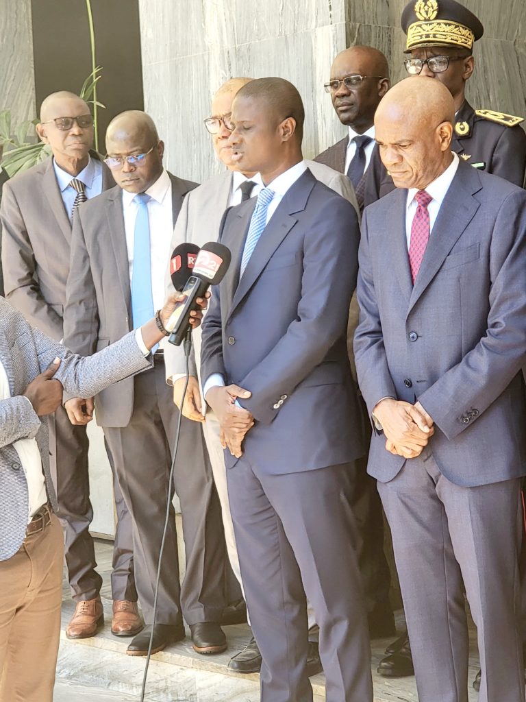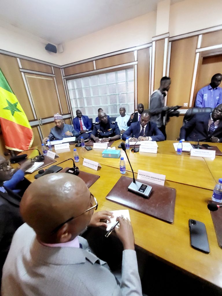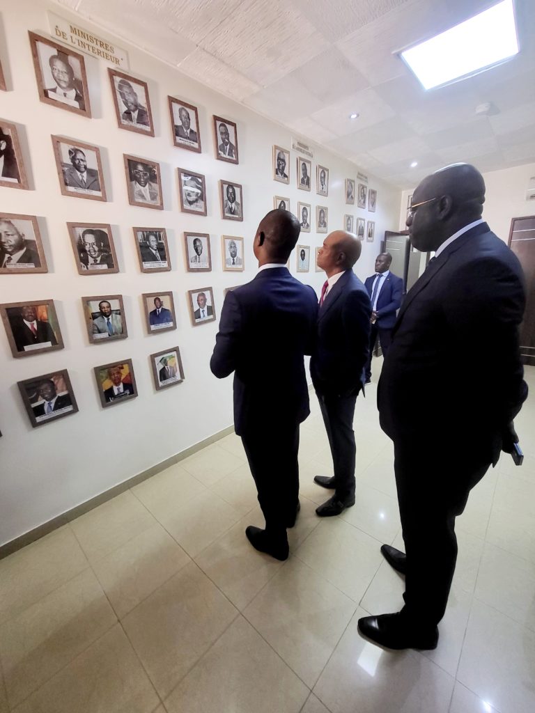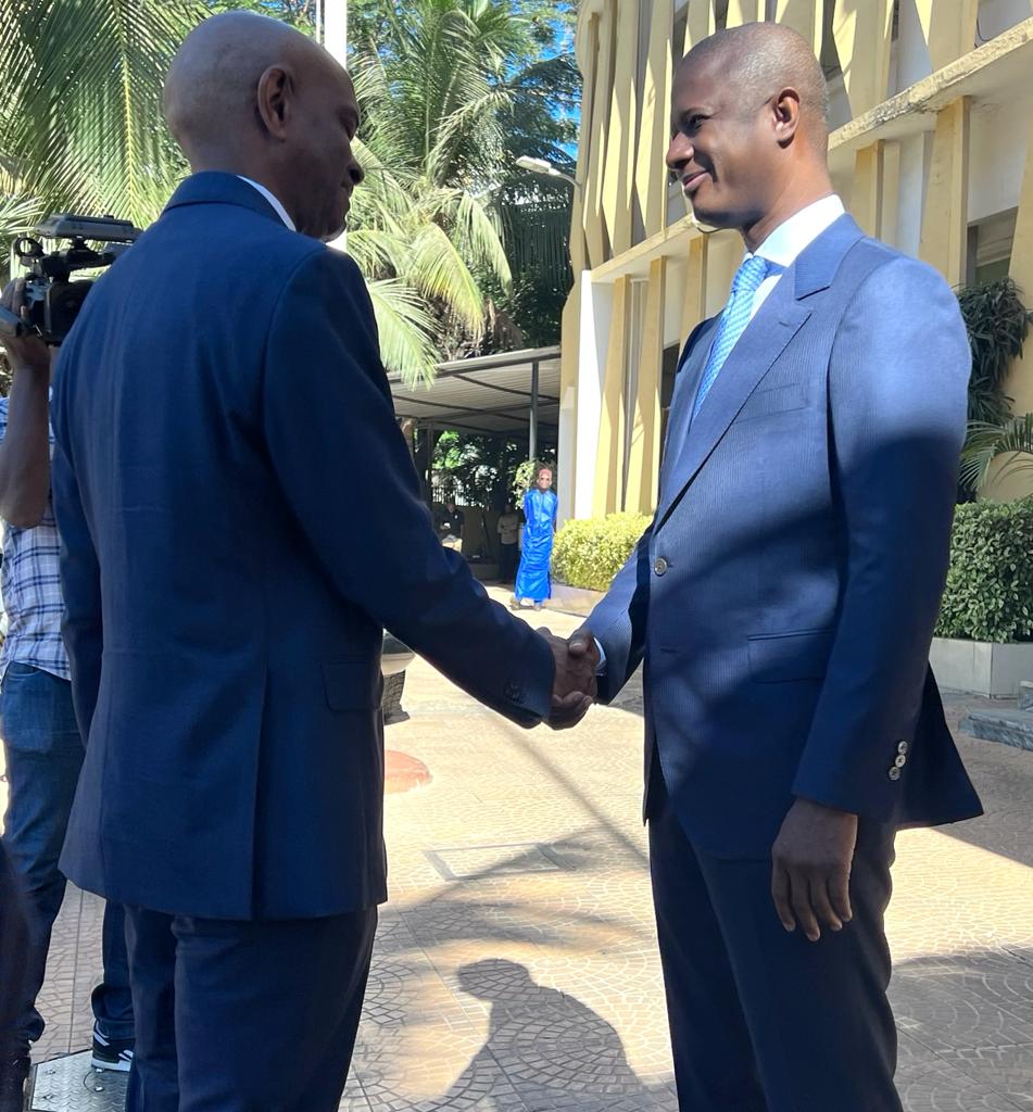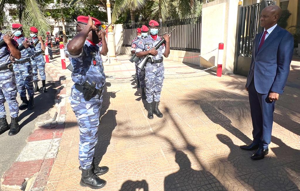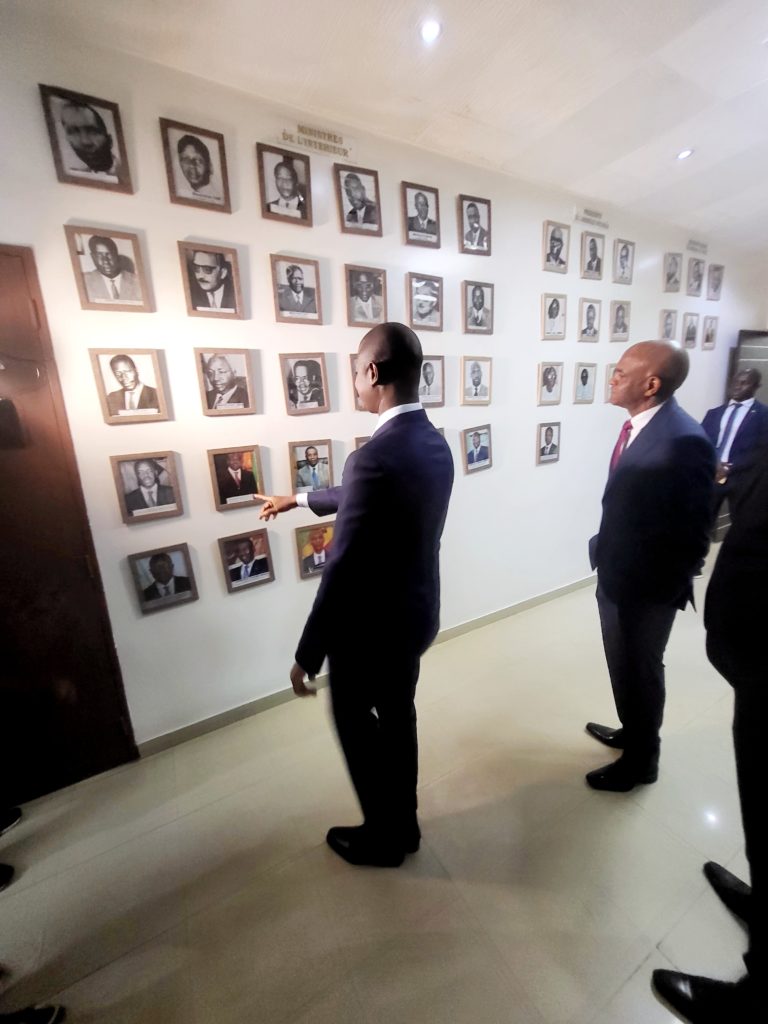 Il a été accueillis par son homologue Ministre de l’intérieur Monsieur Antoine Félix Abdalah Diome accompagné du Ministre auprès du Ministre de l’intérieur Monsieur Bireum Faye.
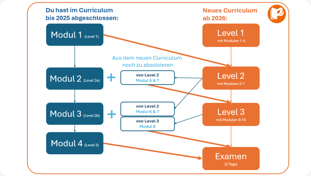 - Neu: 3 Level mit insgesamt 10 Modulen absolvieren.
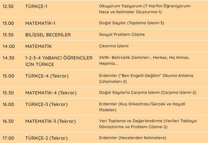 EBA TV canlı ders saatleri EBA ilkokul ortaokul lise ders programı
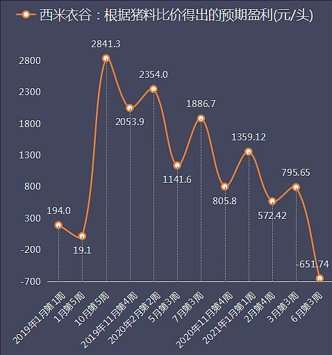 養(yǎng)豬行業(yè)從5月第3周開(kāi)始預(yù)虧,到6月第3周已經(jīng)是連續(xù)五周預(yù)虧,五個(gè)周預(yù)虧金額依次為132.66元、202.68元 、309.54元、538.01元和651.74元,虧幅連續(xù)擴(kuò)大。
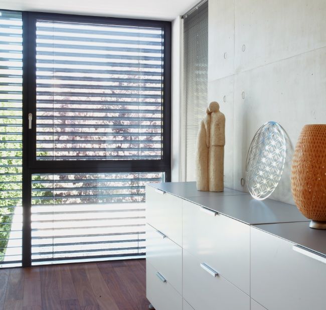 Die Lichtlenkfunktion kann in alle Raffstoren und Jalousien in unserem Sortiment verbaut werden, so erreichen wir den Nutzen für den privaten und auch gewerblichen Gebrauch. Das System ermöglicht die Lamellen des Raffstores aufgeteilt zu steuern, sodass der untere Teil der Lamellen geschlossen bleibt und der obere Teil geöffnet. So kann das Tageslicht in den Raum gelenkt werden und trozdem ist ein Blend-, Sicht-, und Sonnenschutz gewährleistet.
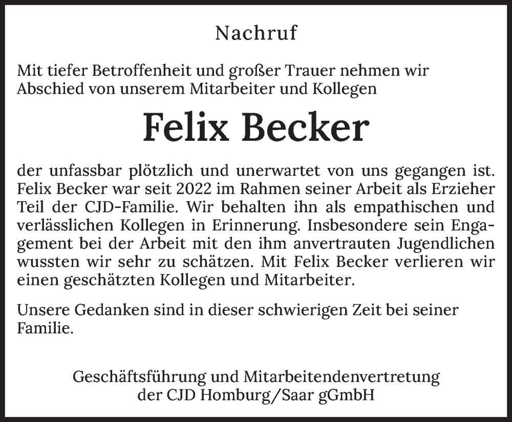 Hier finden Sie alle Traueranzeigen aus der Zeitung, die bisher für Felix Becker erschienen sind. Weitere Traueranzeigen, die in der Zeitung erscheinen, werden hier ebenfalls aufgelistet
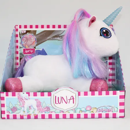 my first luna, when you press her back, you can see the light on the tummy & horn with nature sounds
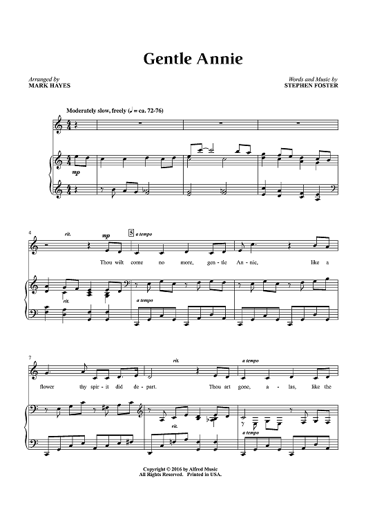 "Gentle Annie" Sheet Music by Stephen Foster
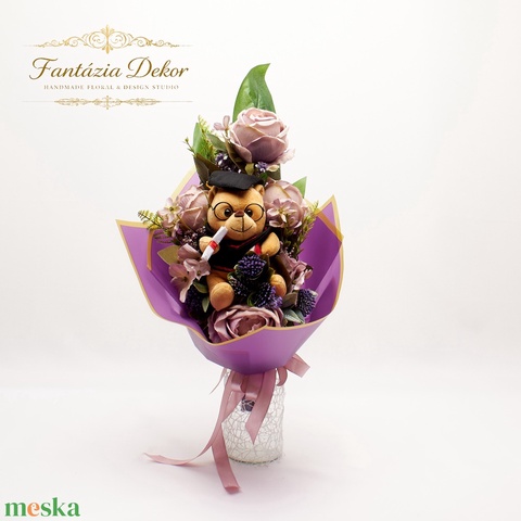 🎓 Ballagási virágcsokor diplomás plüss macival – elegáns, egyedi ajándék 🎓
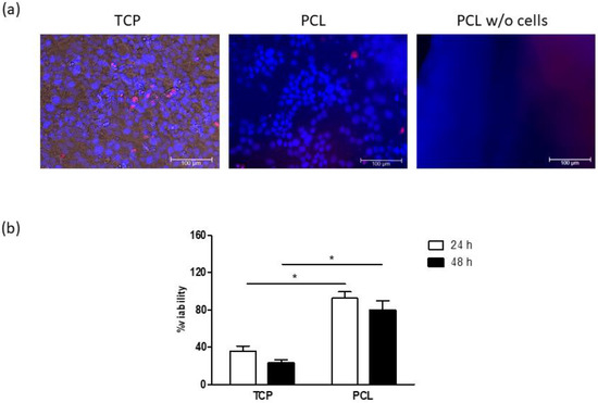 (a) Representative images of cultures at 15 min of doxorubicin treatment: nuclei and doxorubicin are blue and red, respectively. Bars: 100 µm. (b) Cell viability after 24 and 48 h exposure periods to 5 µM doxorubicin. Results are reported as percentage from the corresponding non-treated cultures. * p < 0.05 vs. cultures grown on tissue-culture polystyrene (TCP); Student’s t test.
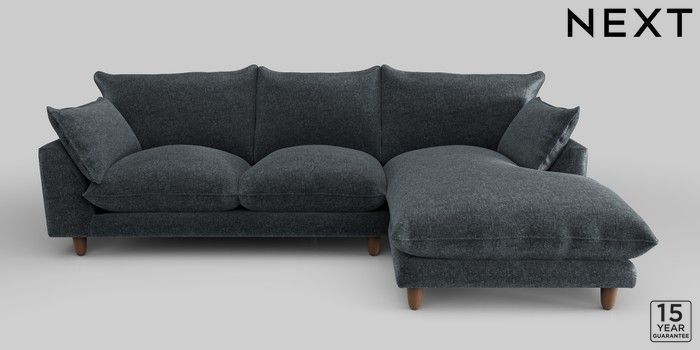 7.2.10 Noa Deep Relaxed Sit Medium Sofa Chaise - Right Hand Plush Chenille Slate Blue High Leg - Mid | Made Click here to use our website with more accessibility support, for example screen readers
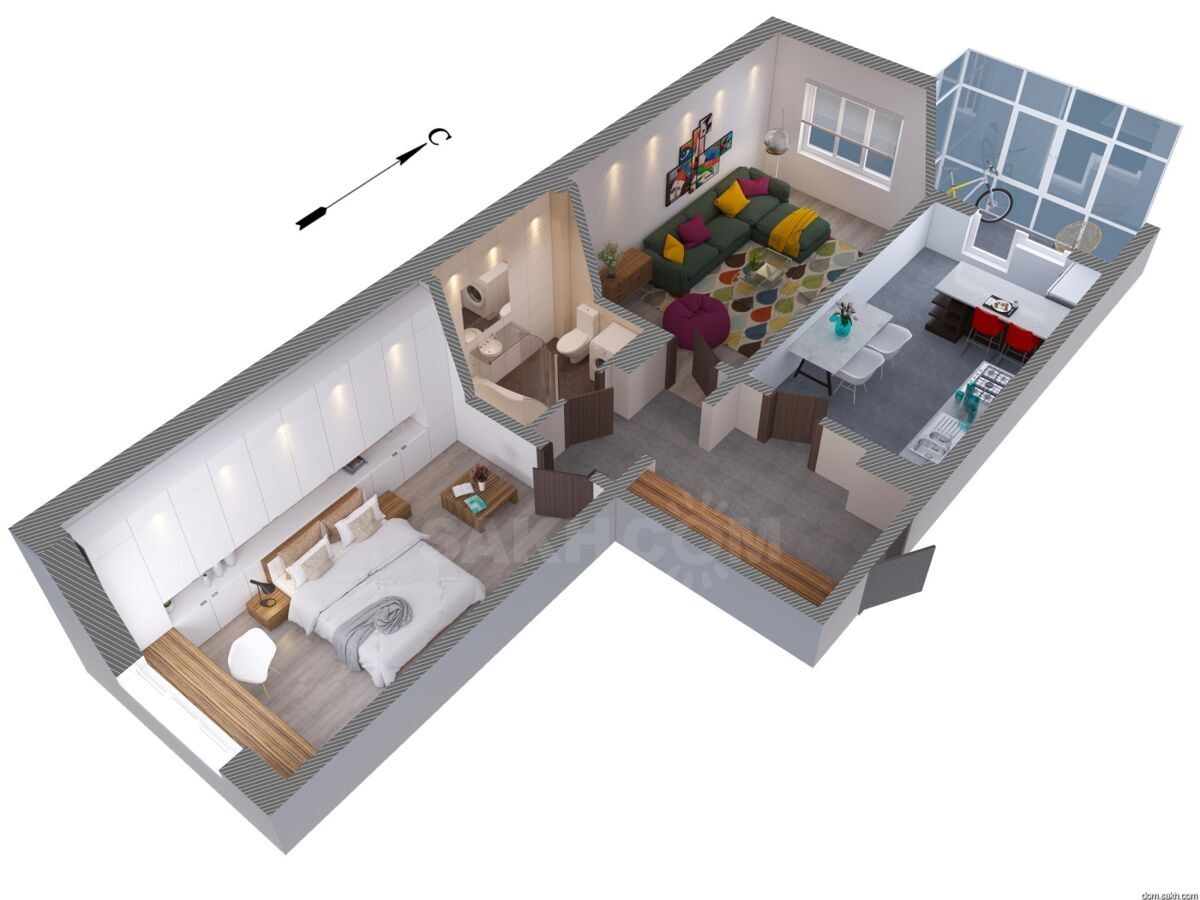 Планировка евротрешка распашонка

--------

**Directions**
All lines from the one holding "7.2.10 Noa Deep" through the last line of the entries, and nothing else, are to be output exactly; leave out the pictures.

**Response to the exercise**
 7.2.10 Noa Deep Relaxed Sit Medium Sofa Chaise - Right Hand Plush Chenille Slate Blue High Leg - Mid | Made Click here to use our website with more accessibility support, for example screen readers
 Планировка евротрешка распашонка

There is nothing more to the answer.